#### [WHAT YOU NEED TO DO]
With pictures removed, output every record below exactly as written.

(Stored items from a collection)
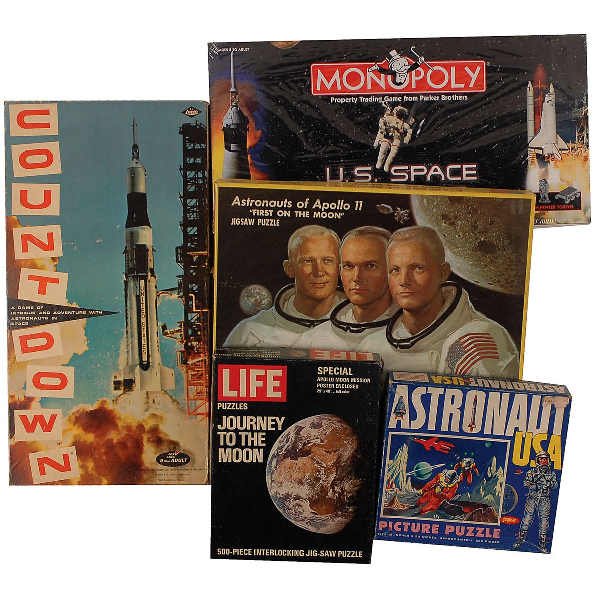 Five board games and puzzles: one Milton Bradley ‘Astronauts of Apollo 11: First on the Moon’ 500-piece jigsaw puzzle, depicting Neil Armstrong, Buzz Aldrin, and Michael Collins on the box cover; one Life Magazine ‘Journey to the Moon’ 500-piece jigsaw puzzle (not accompanied by original poster); one Jaymar ‘Astronaut Landing’ 600-piece jigsaw puzzle; one E. S. Lowe ‘Countdown: The Adventure-in-Space Game’ board game; and one unopened Parker Brothers ‘Monopoly: US Space Edition’ board game. In overall very good condition, with pricing labels affixed to most and some separation to box corners.
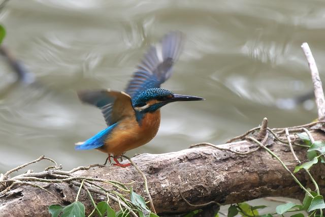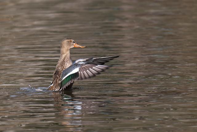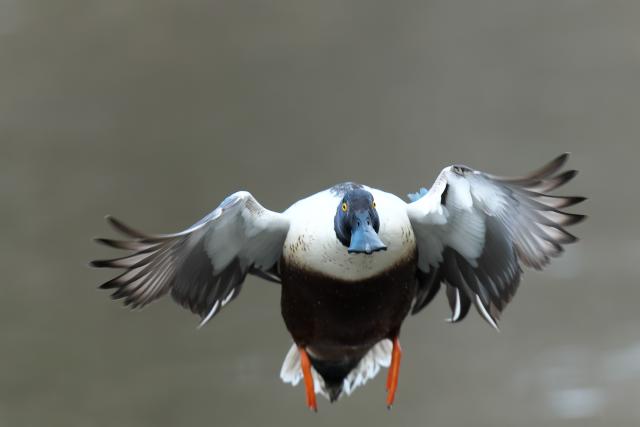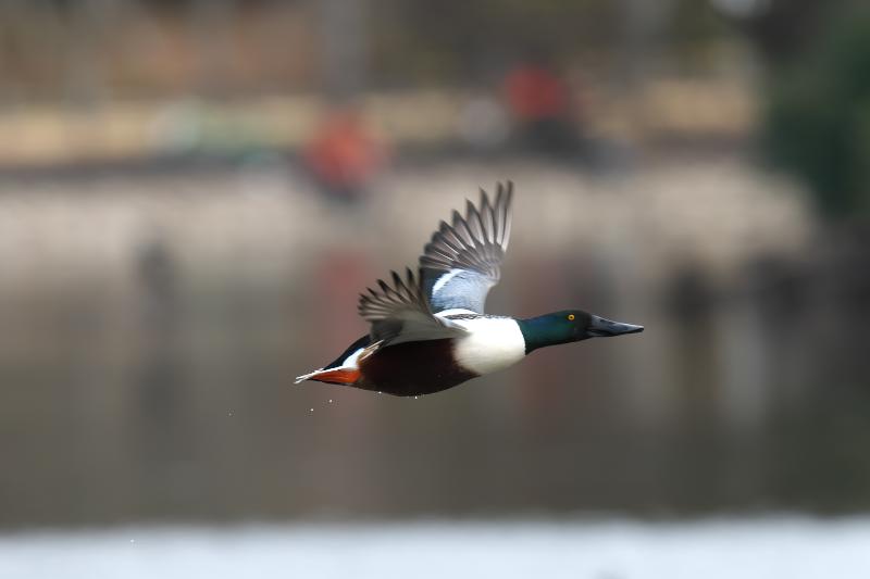 沼のカモが岸辺によってきていて、近くを飛んでいました。
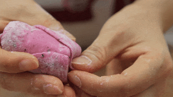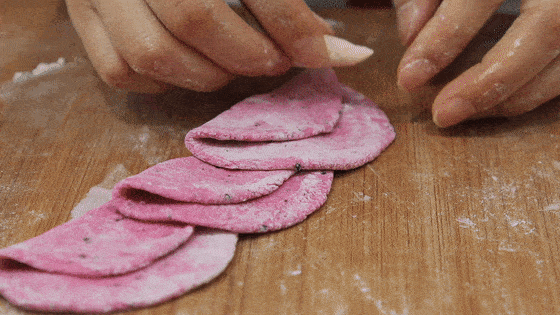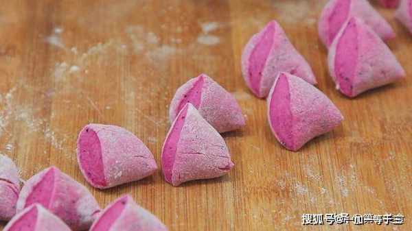 再搓一点白色的小面剂子,把紫色的面皮折起来,三个排成一排,中间放上这个小白面剂子卷起来。
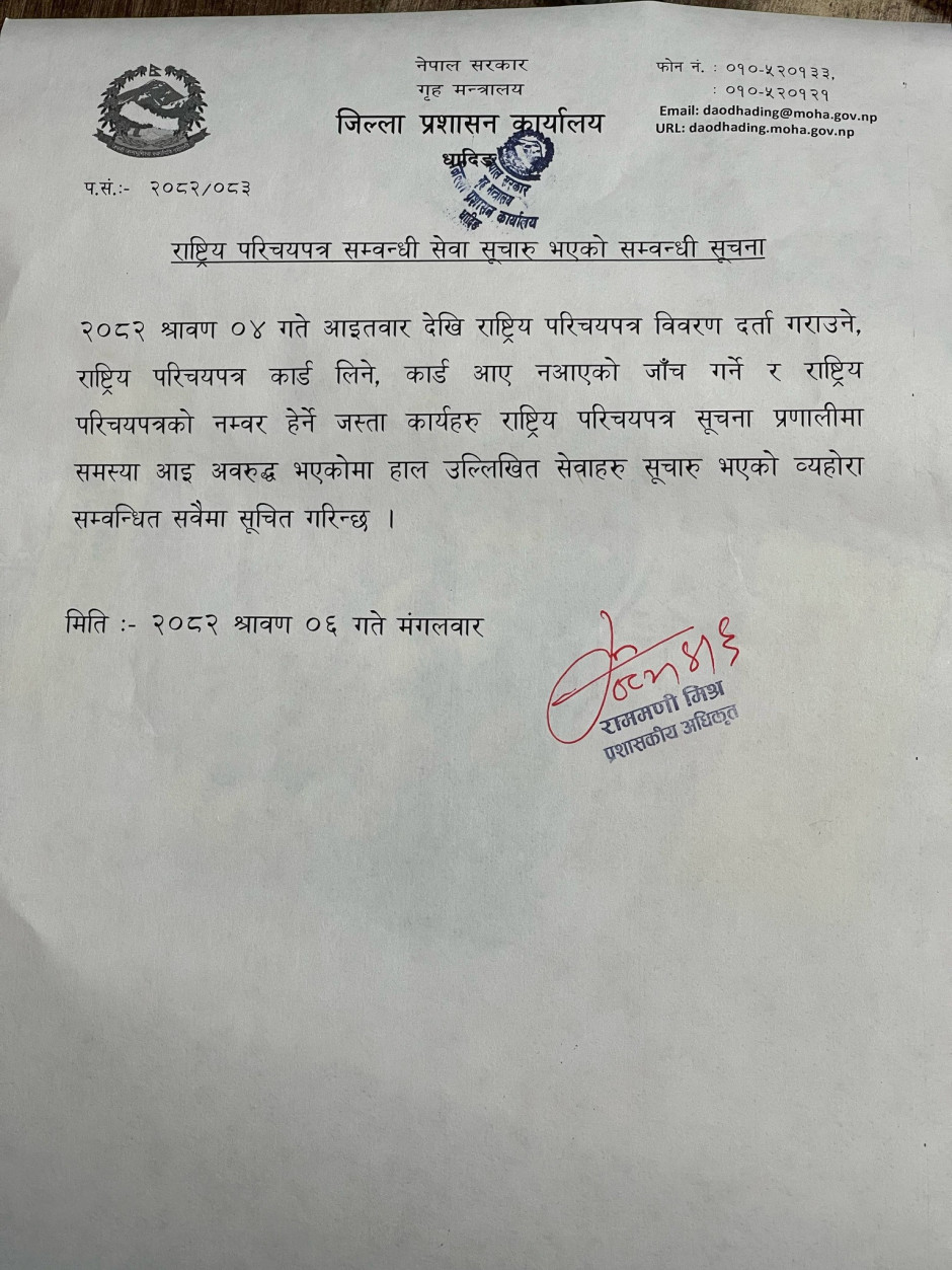 राष्ट्रिय परिचयपत्र सेवा सूचारु भएको सम्वन्धी सूचना ।
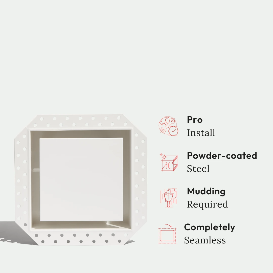Ultra-minimalist device mount for smoke detectors, smart thermostats such as Google Nest and ecobee and other small devices. Customizable, recessed powder-coated steel mount with a flush finish for a seamless design that blends right into the wall. Pro install in 30 minutes.
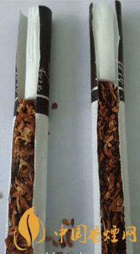 煙支降焦工藝差異比對:真品煙支采用34mm長度的聯(lián)合效益通風(fēng)槽濾嘴,有效降低焦油和一氧化碳量,又充分保留香氣;假煙煙支采用普通單一濾嘴棒,其濾嘴棒長度較短,無法達降低焦油和一氧化碳量理化數(shù)值效果。
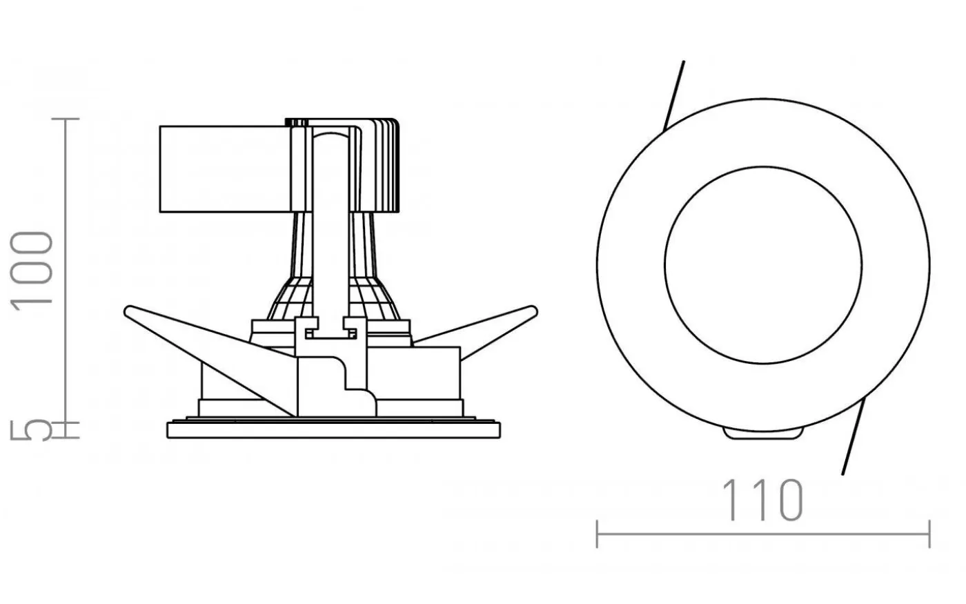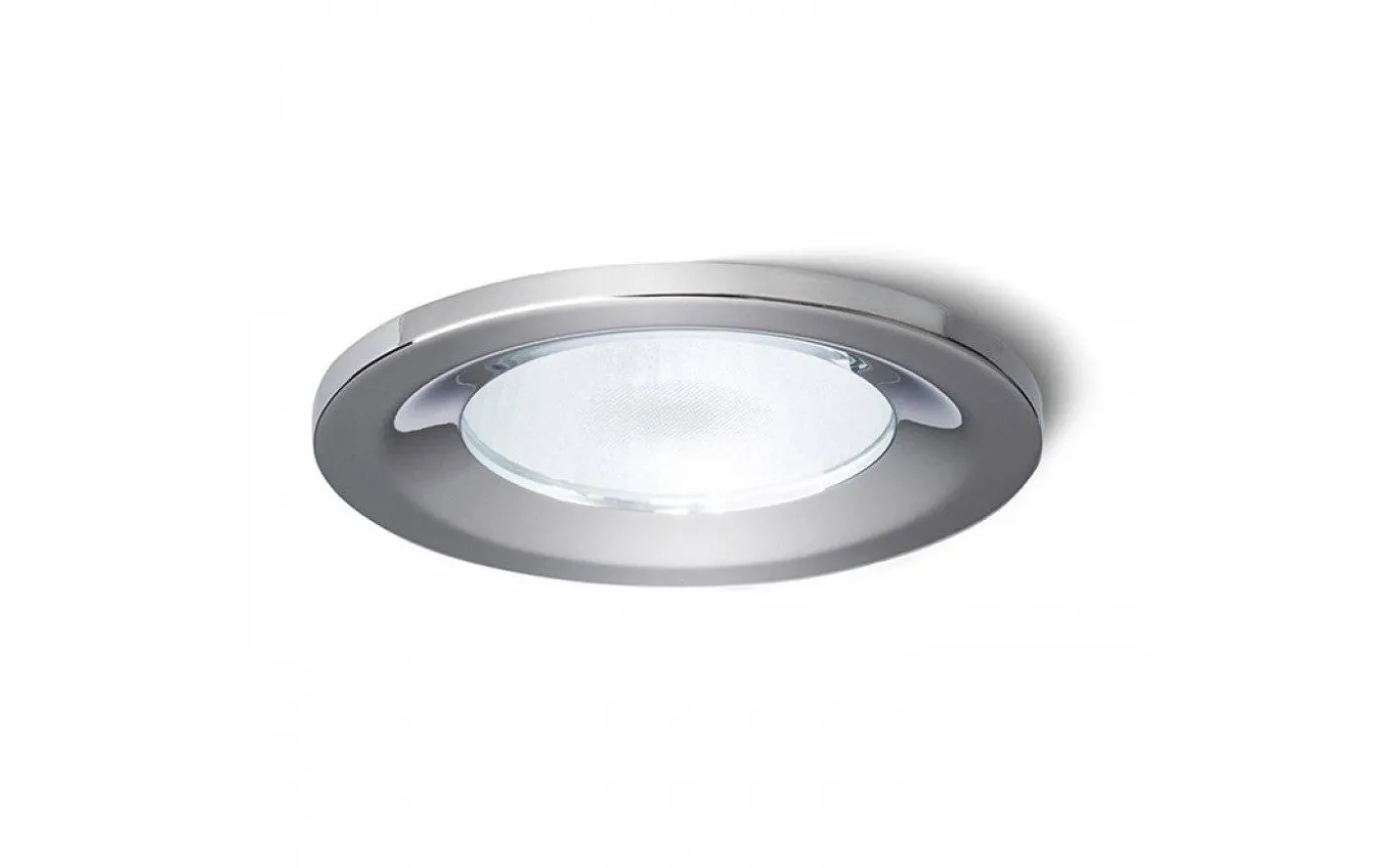 Infälld lampa för våtutrymmen med en täckskiva av delvis satinerat glas. Transformator tillkommer.
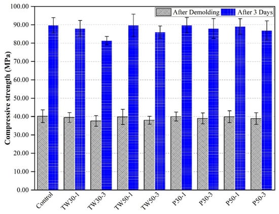 The average compressive strengths of all mix specimens after demolding and curing in water for three days are shown in Figure 8. The compressive strengths of the control mix after demolding and curing in water for three days were 40.20 MPa and 89.76 MPa, respectively. The compressive strengths of the remaining eight mixes (TW30-1, TW30-3, TW50-1, TW50-3, P30-1, P30-3, P50-1, and P50-3) were 39.50 MPa and 88.00 MPa, 37.60 MPa and 81.40 MPa, 39.80 MPa and 89.70 MPa, 38.00 MPa and 86.00 MPa, 40.00 and 89.74 MPa, 39.00 MPa and 88.00 MPa, 39.90 MPa and 89.05 MPa, and 38.90 MPa and 86.90 MPa, respectively.
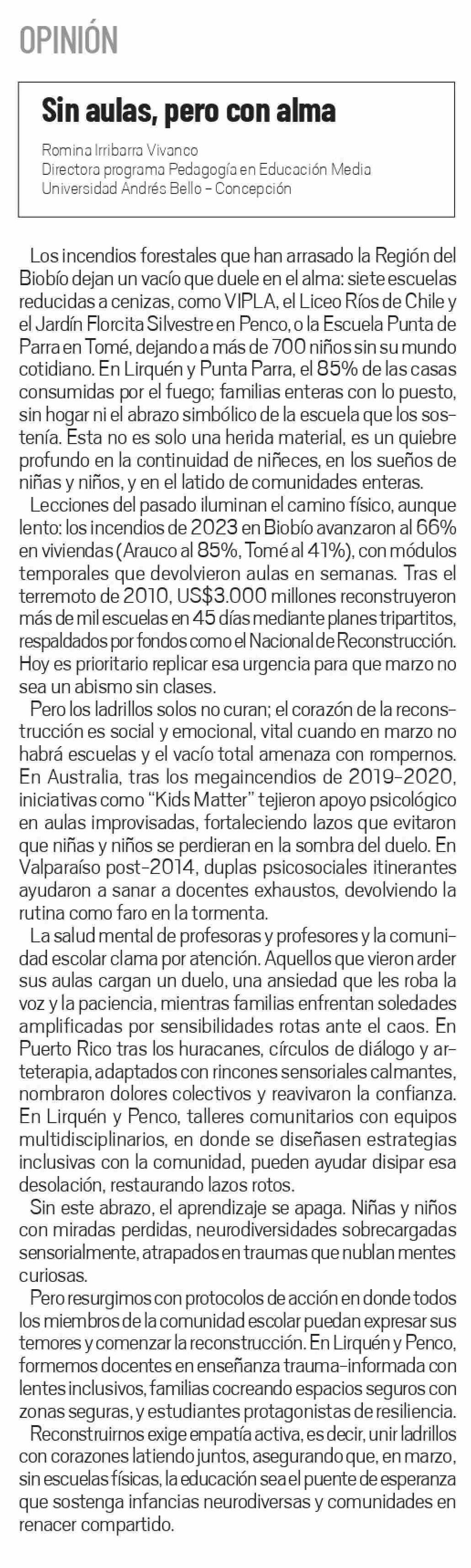 Título: Columnas de Opinión: Sin aulas, pero con alma

#### [ANSWER FOR THIS EXERCISE]
 Five board games and puzzles: one Milton Bradley ‘Astronauts of Apollo 11: First on the Moon’ 500-piece jigsaw puzzle, depicting Neil Armstrong, Buzz Aldrin, and Michael Collins on the box cover; one Life Magazine ‘Journey to the Moon’ 500-piece jigsaw puzzle (not accompanied by original poster); one Jaymar ‘Astronaut Landing’ 600-piece jigsaw puzzle; one E. S. Lowe ‘Countdown: The Adventure-in-Space Game’ board game; and one unopened Parker Brothers ‘Monopoly: US Space Edition’ board game. In overall very good condition, with pricing labels affixed to most and some separation to box corners.
 沼のカモが岸辺によってきていて、近くを飛んでいました。
 再搓一点白色的小面剂子,把紫色的面皮折起来,三个排成一排,中间放上这个小白面剂子卷起来。
 राष्ट्रिय परिचयपत्र सेवा सूचारु भएको सम्वन्धी सूचना ।
Ultra-minimalist device mount for smoke detectors, smart thermostats such as Google Nest and ecobee and other small devices. Customizable, recessed powder-coated steel mount with a flush finish for a seamless design that blends right into the wall. Pro install in 30 minutes.
 煙支降焦工藝差異比對:真品煙支采用34mm長度的聯(lián)合效益通風(fēng)槽濾嘴,有效降低焦油和一氧化碳量,又充分保留香氣;假煙煙支采用普通單一濾嘴棒,其濾嘴棒長度較短,無法達降低焦油和一氧化碳量理化數(shù)值效果。
 Infälld lampa för våtutrymmen med en täckskiva av delvis satinerat glas. Transformator tillkommer.
 The average compressive strengths of all mix specimens after demolding and curing in water for three days are shown in Figure 8. The compressive strengths of the control mix after demolding and curing in water for three days were 40.20 MPa and 89.76 MPa, respectively. The compressive strengths of the remaining eight mixes (TW30-1, TW30-3, TW50-1, TW50-3, P30-1, P30-3, P50-1, and P50-3) were 39.50 MPa and 88.00 MPa, 37.60 MPa and 81.40 MPa, 39.80 MPa and 89.70 MPa, 38.00 MPa and 86.00 MPa, 40.00 and 89.74 MPa, 39.00 MPa and 88.00 MPa, 39.90 MPa and 89.05 MPa, and 38.90 MPa and 86.90 MPa, respectively.
 Título: Columnas de Opinión: Sin aulas, pero con alma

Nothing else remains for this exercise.